Behalve dieren is op de kleindierenmarkt ook alles te vinden wat nodig is voor hun verzorging. Kooien en nachthokken in alle soorten en maten. Grote zakken vogelzaad en trosgierst, maar ook levende insecten en dode muizen als dierenvoer. In een grote diepvries zijn de grijs- en witharige beestjes uitgestald, in zakjes verpakt. Niet zo’n plezierig gezicht. Zestig cent per stuk, bij aankoop van 1000 of meer 15 cent korting. De roze babymuizen kosten een prikkie: 20 cent.
In levende vorm zijn deze beesten duurder. Een kraam verderop zijn ze te koop. Sommige kosten 1 euro per stuk, andere 2,50 euro. Dat is nog altijd een flink stuk goedkoper dan de geelbuikjes van vogelspeciaalzaak De Bosruiter uit het Brabantse Sprundel. Per paar kosten de vogeltjes niet minder dan 325 euro. En zo heel bijzonder zien er niet uit.
Rijstvogel
Dan zijn er altijd goedkoper methodes om aan vogels te komen. De Barnevelder Top wandelt met zijn kleinzoon over de markt. In zijn hand houdt hij een rijstvogel. „Die zat buiten op een bestelbus. Ik kon hem zo pakken. Van wie hij is weet ik niet, dus ik neem hem maar mee voor in mijn volière. Als ik hem niet had gepakt, zou-ie buiten toch doodgaan”, zegt Top. „Hij is niet zo veel waard, hoor.”
Niet alleen dierenartikelen zijn te koop; ook aan de mens wordt gedacht. Tweedehands spullen, schoeisel, kleding, groenten en fruit. Van alles door elkaar. Tussen de uien en de boontjes staat zelfs muizen- en rattengif.
Leuk werk; weinig verdienen
Leuk werk, noemt Martijn Ooijevaar (33) het verkopen op de Barneveldse kleindierenmarkt.
Elke week verkoopt hij daar op een vaste plek zijn vogels. De tijd die hij niet aan zijn vogelhandel besteedt, gaat op aan geld verdienen als verkoopmedewerker bij een bouwmarkt. „Ik woon in Lelystad. Van het geld dat ik op de markt verdien, kan ik de huur op de markt en de brandstofkosten niet betalen.”
Zebravinken, kanaries, parkieten, agapornissen; alles wat de markt biedt en vraagt, koopt Ooijevaar in en verhandelt hij weer. Duur is hij niet, zegt-ie zelf. De duurste vogels, een paartje parkieten, kosten 60 euro.

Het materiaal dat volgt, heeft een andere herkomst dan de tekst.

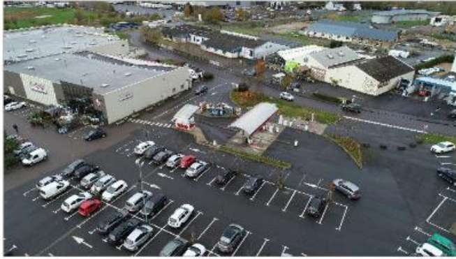
Vue Aérienne 1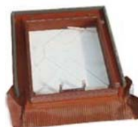
Strešný výlez Materiál: oceľ s povrchovou úpravou, plast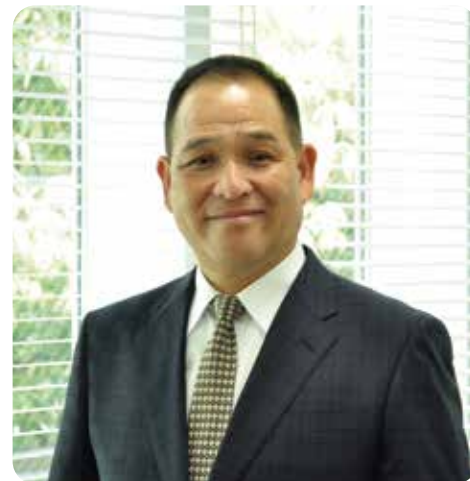
株式会社博展 代表取締役社長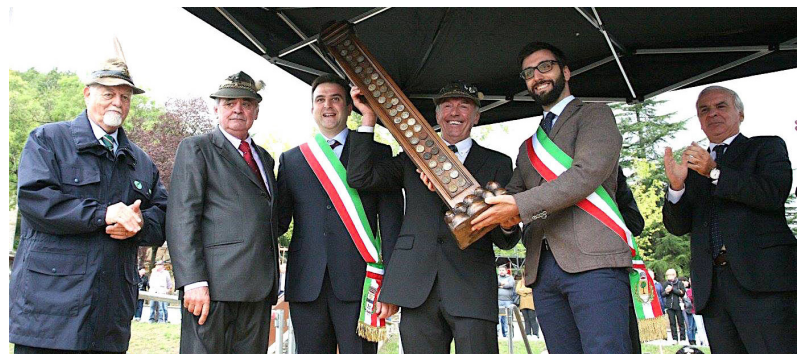
Il passaggio della "Stecca"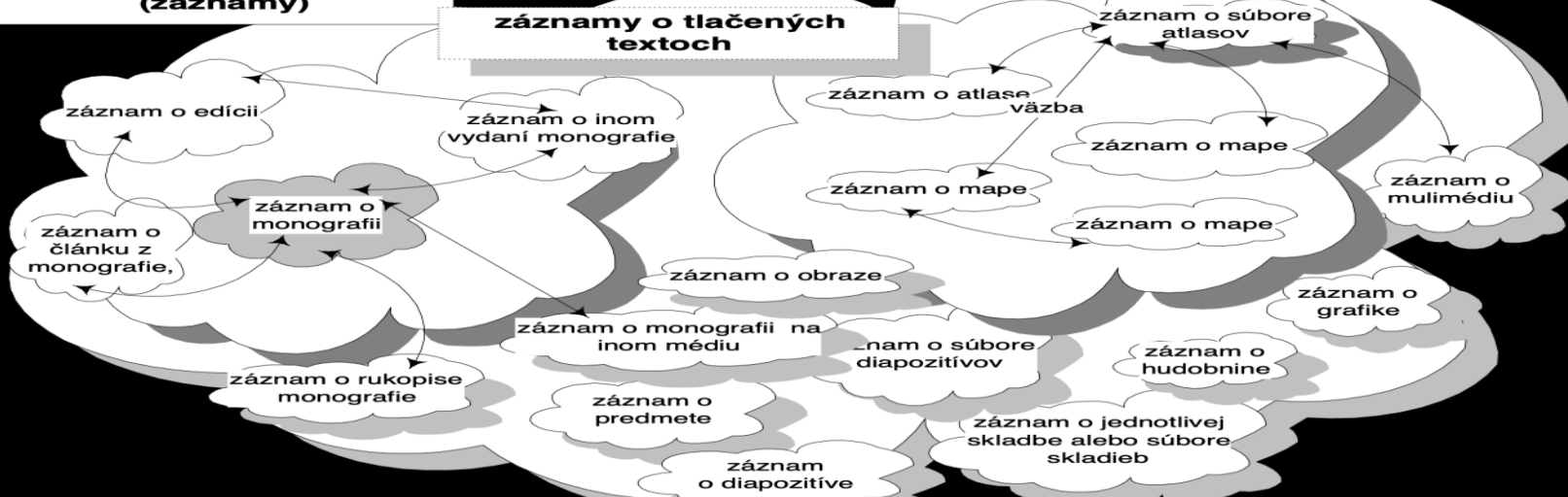
Obrázok Schéma vzťahov univerza prototextov a univerza metatextov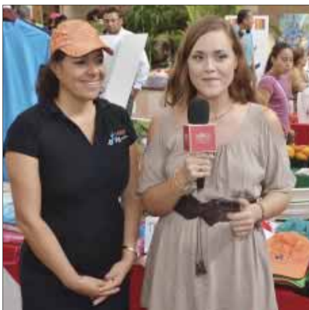
Televisora local entrevista a una vendedora ambulante.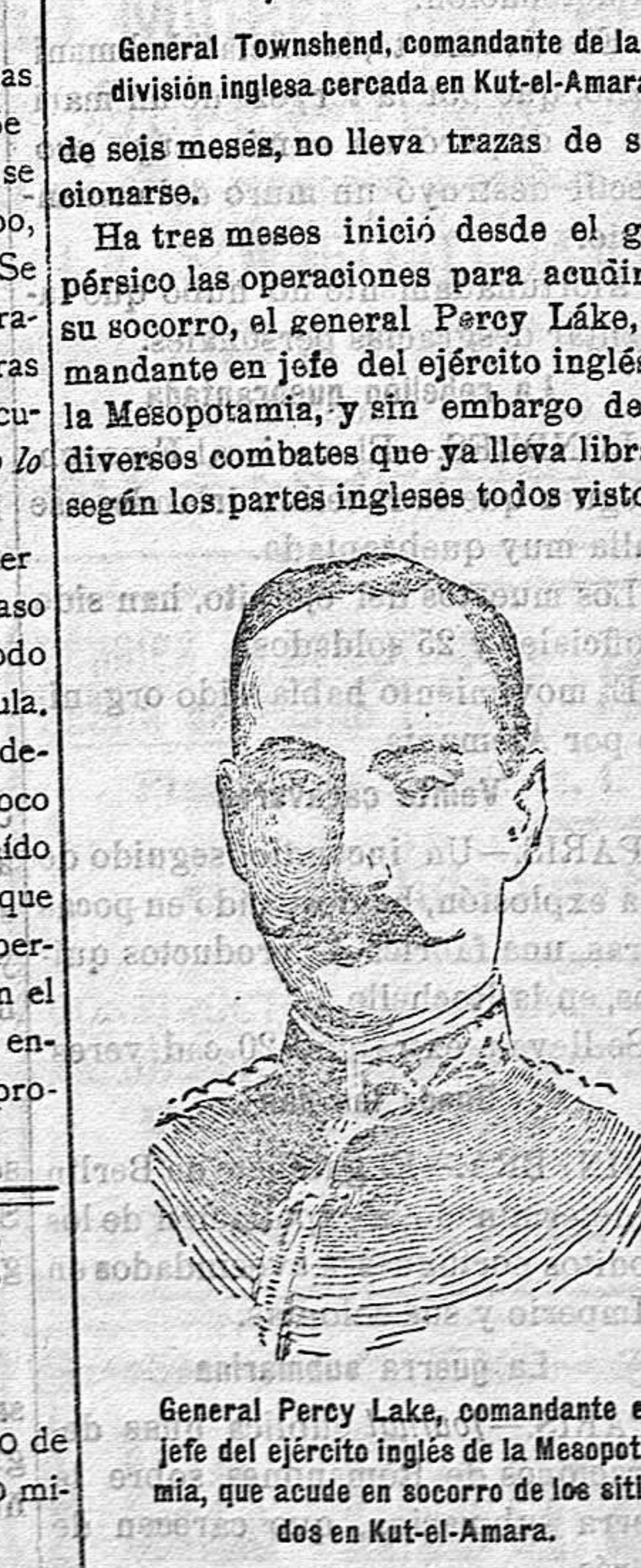
General Percy Lake, comandante en jefe del ejército inglés de la Mesopotamia, que acude en socorro de los sitiados en Kut-el-Amara.

legar á Kut-el-Amara, empresa en que si sale triunfante no será sino á costa de grandes esfuerzos y abundante sangre porque dichas posiciones no pueden ser envueltas por apoyarse en el Tigris y en pantanos. La situación del general Townshend y de las tropas anglo-indias de su mando debe ser en extremo crítica, no solo porque los combates han debido disminuir su contingente, sino porque sus posiciones de boca y guerra deben estar casi agotadas después de más de seis meses de asedio. Los aviadores ingleses han llevado á los sitiados semillas de hortalizas para que pudieran sembrar y de este modo procurarse alimento; pero esto no habrá pasado de ser un paliativo de poca importancia. Ultimamente se ha intentado hacer llegar á los sitiados un barco de provisiones, pero este no ha llegado á hacer la mitad del recorrido y ha embarrancado en un racodo de la orilla derecha del Tigris. ¿Logrará el general Lake abrirse paso hasta Kut-el-Amara? Y si lo consigue ¿llegará á tiempo para salvar los restos de la división Dowshend?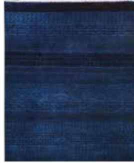
74 26 SP 790 € 290 € Gabbeh fein Loribaft , Indien, neu, Korkwolle, ca. 147 x 75 cm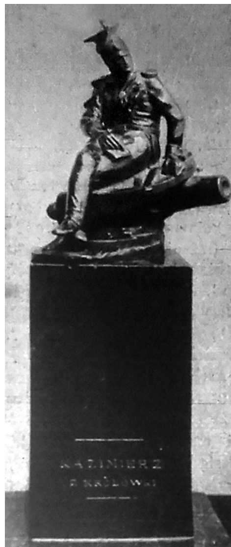
il. 8 T. Lenartowicz, figurka z przedstawieniem K. Brodzińskiego, „Tygodnik Ilustrowany” 1917, nr 7, s. 97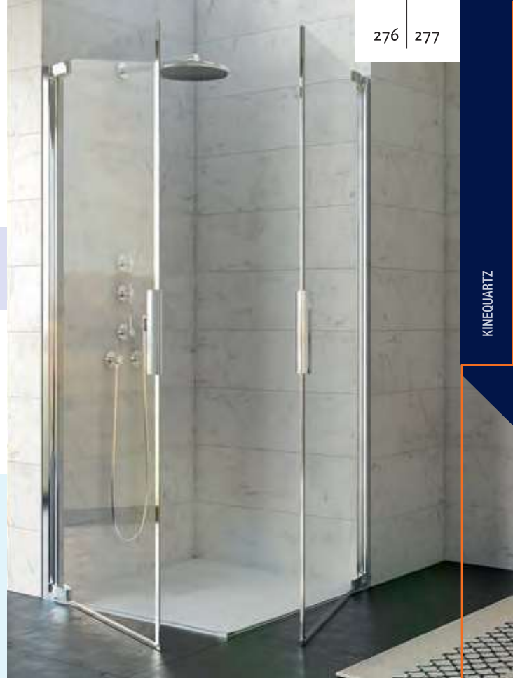
▲ KINEQUARTZ MET PROFIEL - A/P | PROFILÉ - A/P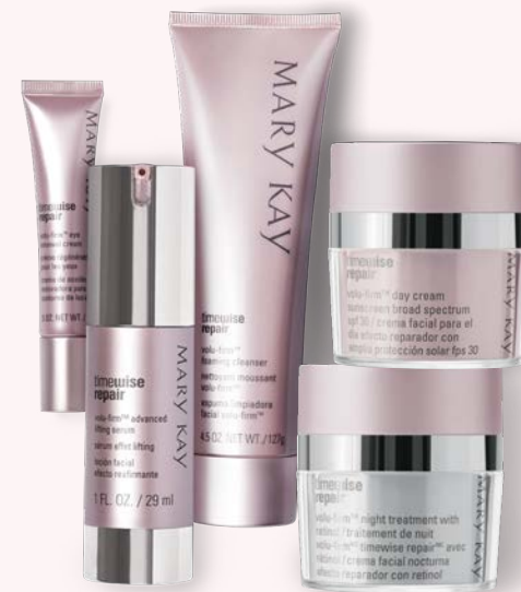
SOLUCIONES PARA LAS SEÑALES DE ENVEJECIMIENTO AVANZADAS

Ooijevaar staat niet alleen op de Barneveldse, maar ook op andere markten. „In het vogelseizoen, dat loopt van september tot mei, sta ik op jaar- en maandmarkten door het hele land. Gemiddeld twee tot vier keer per week.”
Zelf vogels kweken doet de handelaar niet. „Handelen en kweken gaan niet samen. Vogels moeten rust hebben als ze jongen krijgen. Mijn vogels gaan elke keer mee als ik naar een markt ga; dat is veel te onrustig.”
Eén ding moet hem nog van het hart: „De overheid zegt dat veel vogels moeilijk zijn te houden. Dat is niet waar. De Dierenbescherming probeert het houden van en handelen in vogels tegen te werken. De overheid is daar erg gevoelig voor. Er zijn veel regels waar we ons aan moeten houden,waardoor het werk niet leuker wordt.”
Triptips
Nederlands Pluimveemuseum. Dit museum is echt Barnevelds: de ontwikkeling van ei tot kip staat er centraal. Dit jaar bestaat het museum 25 jaar. Niet alleen belicht het de geschiedenis van een kip en de pluimveehouderij, ook is er aandacht voor de toekomst van de branche. Kinderen kunnen er kuikentjes aaien. Tot 31 oktober herbergt het museum de expositie ”Uit de hoogte”: een verzameling van dertig originele torenhanen. www.pluimveemuseum.nl.
Veluws Museum Nairac. In 1875 vond de toenmalige burgemeester van Barneveld, mr. C. A. Nairac, het tijd voor een gemeentemuseum. Hij richtte een oudheidkamer in met archeologische en andere historische voorwerpen. Naast de vaste collectie zijn er jaarlijks drie wisselexposities te zien. Nu is dat ”Barneveld en de jaren ’50”. Het museum is gehuisvest in De Brouwerij, een karakteristiek zeventiende-eeuws pand in het centrum van Barneveld. www.nairac.nl.
Oude Ambachten en Speelgoed Museum. Niet alleen kijken, ook voelen is in het museum in Terschuur (gemeente Barneveld) toegestaan. Volwassenen mogen het speelgoed weer gebruiken waar ze vroeger mee speelden. Ook zijn er zo’n 150 kleine winkeltjes, kamertjes en werkplaatsen, met oude gereedschappen en attributen uit de vorige eeuw en soms nog ouder: een oude smidse, een scharensliep, een drogisterij, een mandenvlechter, een leerlooier, een slagerij, een drukkerij en talloze andere. www.ambachtenmuseum.nl.